Her fourth at the Royal meeting made her the one to beat in the five-furlong Arqana Irish EBF Marwell Stakes and she was sent off accordingly at 10-11.
Always moving with real zest in the group on the stands side, she showed the right sort of attitude in the final furlong to account for Make Haste by a length and three-quarters.
Burke made the journey from his North Yorkshire base and was delighted with what he saw.
“She’s a good filly and she’s a tough filly as well,” he said.
“I thought if she ran up to either of her last two runs she had to be hard to beat, but you never know with two-year-old fillies so it’s great to get the job done.
“It’s huge for Chris (Hirst, owner), who lives in Thailand, as he’s building up a broodmare band.
“We walked the track a couple of hours before. When I watch Naas on TV they are always coming this side and it walked that way as well.
“I said to Cliff if they all go the other way to make sure he was on this side of the wing and make his challenge, but if they split definitely come this way.

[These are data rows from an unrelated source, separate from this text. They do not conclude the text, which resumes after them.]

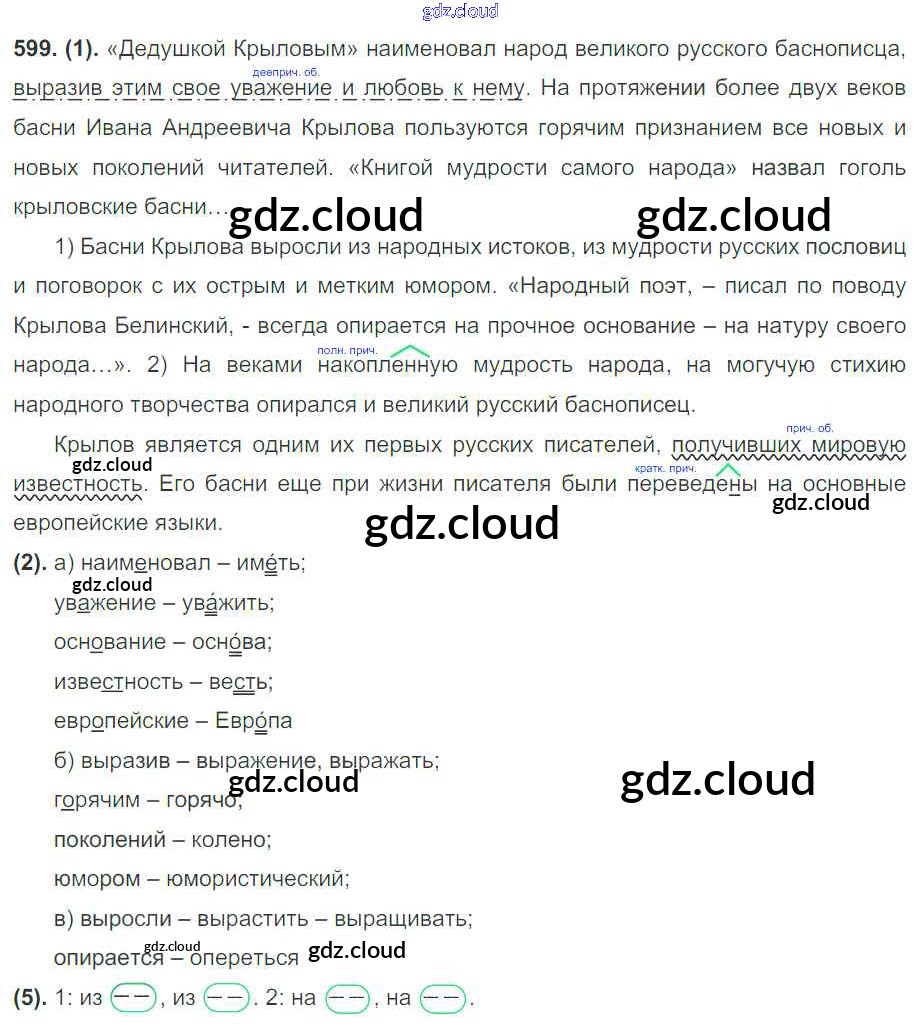 Ответ на задание 599 Учебник Русский язык за 7 (седьмой) класс Разумовская, Львова, Капинос, Львов, Сергеева, Соловейчик УМК 2014, 2022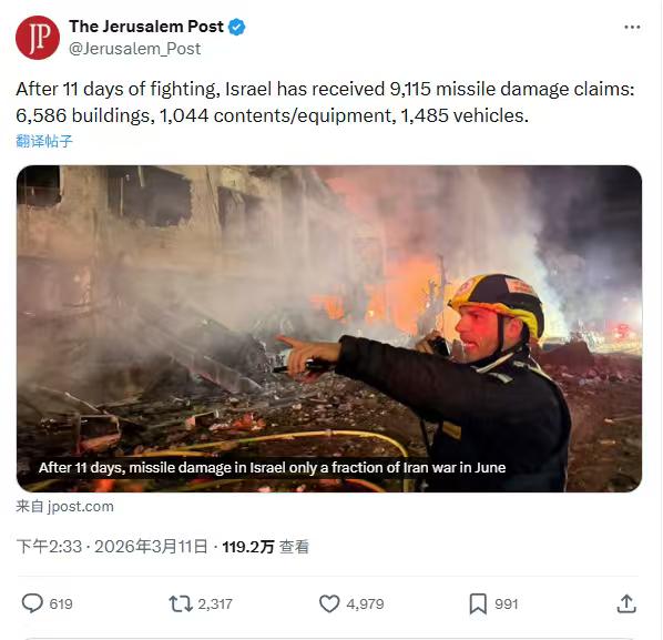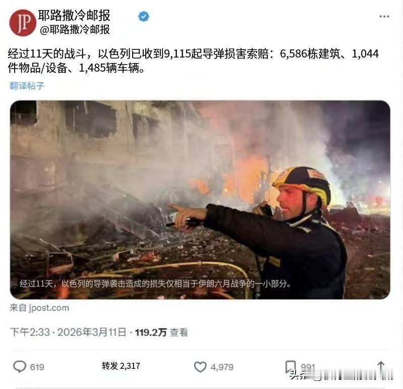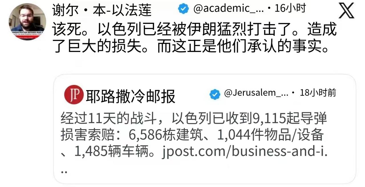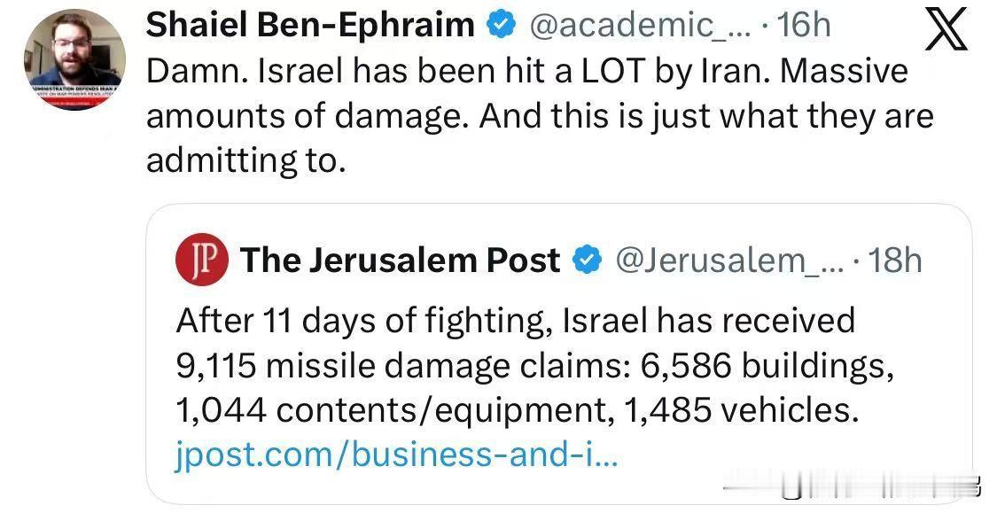 哎呀,以色列媒体难得说一回实话,这让挺乌又挺以简中大殖子们脸往哪搁啊? 耶路撒冷邮报:经过11天的战斗,以色列已收到9,115起导弹损害索赔:6,586栋建筑,1,044件物品/设备,1,485辆车辆。 而以色列的导弹袭击,对伊朗造成的损失仅相当于去年伊朗在“十二日战争”的一小部分。 此外,据新华社3月12日报道,伊朗伊斯兰革命卫队12日凌晨宣布,已完成"真实承诺一4"行动第40轮攻势,与黎巴嫩真主党展开联合作战,打击以色列境内目标和位于中东地区的美军基地。 据以色列媒体报道,这是美国和以色列对伊朗发起大规模军事行动以来,伊朗和真主党"首次"对以色列发起协同打击。 美国和以色列这次是碰到硬茬了。中国有句老话送给它俩——多行不义必自毙! #美伊以冲突# #热点观点# #海外新鲜事#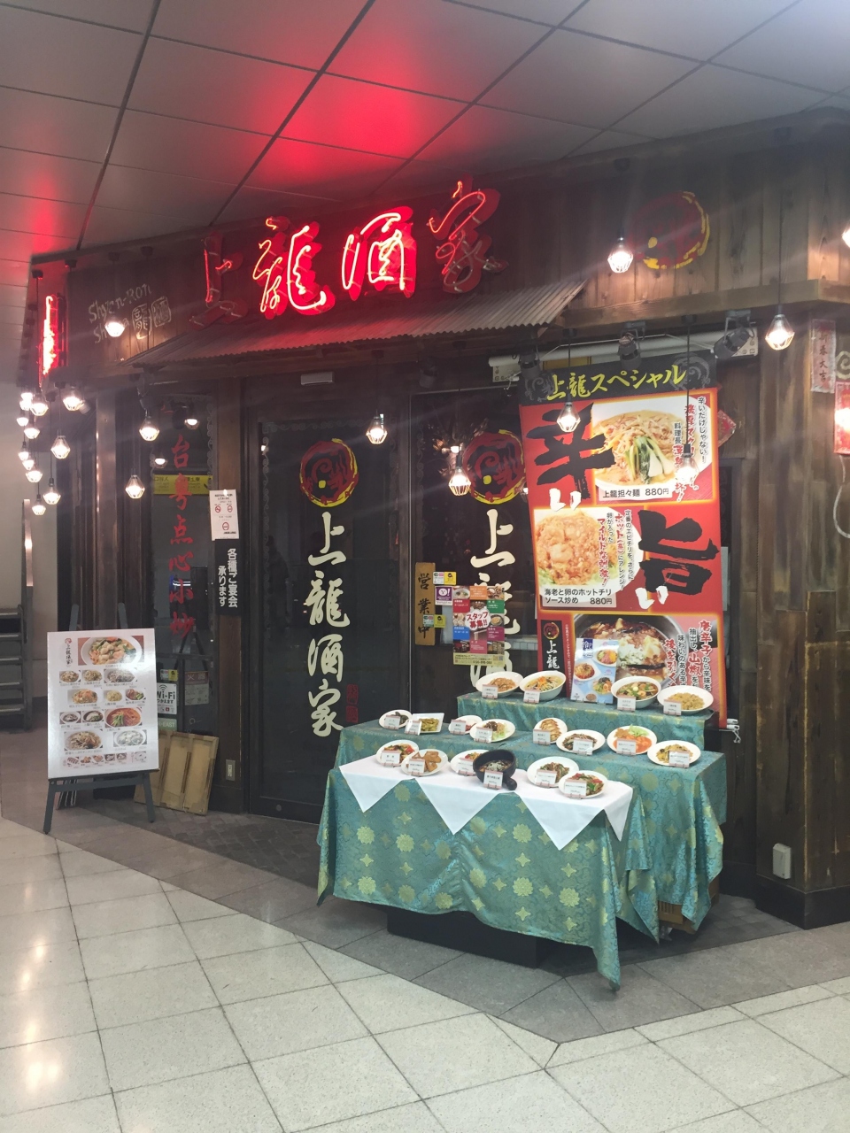 上野駅入谷改札を出た正面にある中華料理のお店です。改札外ですが、完全に駅構内ので、電車に乗るには便利な場所にあります。料理はいろいろと揃っていますが、点心セットというのがあり、会社帰りや出発前にこれで軽く一杯やっていくのも悪くありません。その点心セットの内容は餃子か春巻かシュウマイの中から一品と飲み物は生ビールやサワー、ハイボールなどからひとつチョイスします。おすすめは定番の餃子とビールです。

“I think that helped. Half a furlong from the line I thought the far side might give us a race, but in the last 50 yards she went away again, which was great.”
He added: “She’s in the Lowther and we’ll discuss that. That’s the first time I’ve really seen her finish off her race.
“She got caught in the last 50 yards in the Marygate, she was always seeing too much daylight in that race and at Royal Ascot they were spread across the track and she never got any cover.
“I’ve always thought she’d be a better filly with a bit of cover and that’s worked out today.
“She won on soft first time out and has run on firm ground. I’d prefer her on this (yielding) ground, I think.”
It was a British Listed-raced double on the evening, as the David O’Meara-trained Nighteyes swamped everything with a devastating late burst in the Yeomanstown Stud Irish EBF Stakes, again up the seemingly favoured near side.
Danny Tudhope had to wait for a gap on the 100-30 favourite, but once it came and he was able to engage top gear his mount fairly powered home to take the spoils by three lengths from Over The Blues.
Tudhope said: “I didn’t plan on being that far back, but she was just a bit anxious in the stalls and she missed the beat a little bit. Probably in hindsight it wasn’t a bad thing.
“She’s definitely got ability this filly and she’s improving all the time. I’m delighted and it’s great for the owners.
“Even as a two-year-old we thought she was pretty good, things didn’t fall right for her and she bumped into one or two nice ones, but she’s progressed now into a lovely three-year-old filly.
“She’s done nothing wrong this season, she keeps improving and she’s deserves to win a Listed race.”